La situación de covid en Latinoamérica es dramática. La región ocupa varios de los primeros puestos en casos y muertes por la pandemia y, lo que es aún peor, cuenta con muchos menos medios que otros países como los occidentales o Estados Unidos. En Ecuador, por ejemplo, Quito acumula más del 10% de positivos y ha tenido que instaurar un toque de queda e incluso una prohibición de consumo de alcohol.

"Si bien se han producido importantes avances en los últimos años en la salud, aumentando el presupuesto del Estado y realizando una importante inversión en infraestructuras, equipamientos y aumento de sueldos del personal de salud", asegura a este diario Mudarra, "todavía queda mucho camino. Para 2020 el presupuesto de salud es 3.888 millones de dólares, que no cubre las necesidades actuales ante el alto nivel de contagio. Solo por aportar un dato, el país cuenta solo con 1.183 camas de UCI, insuficientes para dar tratamiento adecuado". Lamentablemente, recuerda, "es una situación que se repite en otros países latinoamericanos".
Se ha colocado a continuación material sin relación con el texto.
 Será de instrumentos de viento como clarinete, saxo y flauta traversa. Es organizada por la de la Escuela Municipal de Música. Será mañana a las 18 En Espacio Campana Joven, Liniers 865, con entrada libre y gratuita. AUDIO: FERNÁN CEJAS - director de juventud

Bolivia no está mucho mejor, precisamente. El covid no solo ha llegado al propio gobierno (la presidenta interina, Jeanine Áñez, ha estado contagiada), sino que además el país se ve incapaz de asumir la crisis sanitaria: ha tenido que indultar a los presos mayores de 58 años para descongestionar las cárceles, los hospitales rechazan a enfermos por no poder atenderlos e incluso hay muertos que se agolpan en la calle por no poder ser enterrados.
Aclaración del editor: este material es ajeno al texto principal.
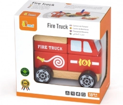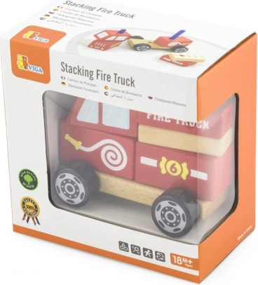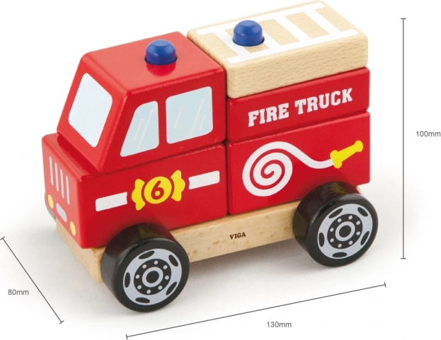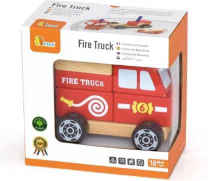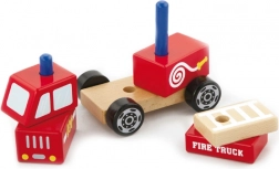 Układaj drewniane elementy na podwoziu i stwórz własny wóz strażacki. Dzieci trenują cierpliwość i koordynację krok po kroku.

Además, el país compró respiradores procedentes de España por un precio tres veces superior al real. A todo ello se suma la proximidad de las elecciones, que iban a celebrarse el 6 de septiembre pero que, por miedo a la pandemia, se han trasladado al 18 de octubre ante la posibilidad de disturbios en las calles que pudieran aumentar todavía más los contagios.

Mudarra recuerda que "el gasto público en salud en España es de 79.315,8 millones de euros, lo que equivale al 6,37% del PIB de 2019, mientras que en el conjunto de América Latina en 2018 fue del 2,2% del PIB. Esto da lugar a menos capacidades para atender una enfermedad nueva que conlleva dramáticas consecuencias y unos tratamientos muy especializados. Por lo tanto, no hay una preparación para afrontar una curva de contagios como el que se está viviendo".

A las capacidades en materia de salud "hay que añadir el nivel de desigualdad de ingresos existente en las sociedades latinoamericanas. Pese a sus avances económicos y sociales de los primeros años de este siglo, América Latina aún es la región más desigual del planeta, según se demuestra en los últimos informes de la CEPAL o el PNUD. Esta desigualdad conlleva que millones de personas no puedan acceder a servicios básicos, como la salud, la educación e, incluso, a una vivienda digna o directamente a una alimentación adecuada. Millones de personas expuestas ahora a una enfermedad que no pueden enfrentar".

Es en este contexto donde Enrique Ramírez, junto a su equipo y el resto de instituciones colaboradoras, ha decidido poner su particular gran de arena para echar una mano en la lucha contra el covid a las regiones más desfavorecidas del mundo y, con suerte, a todas las demás que puedan venir por delante.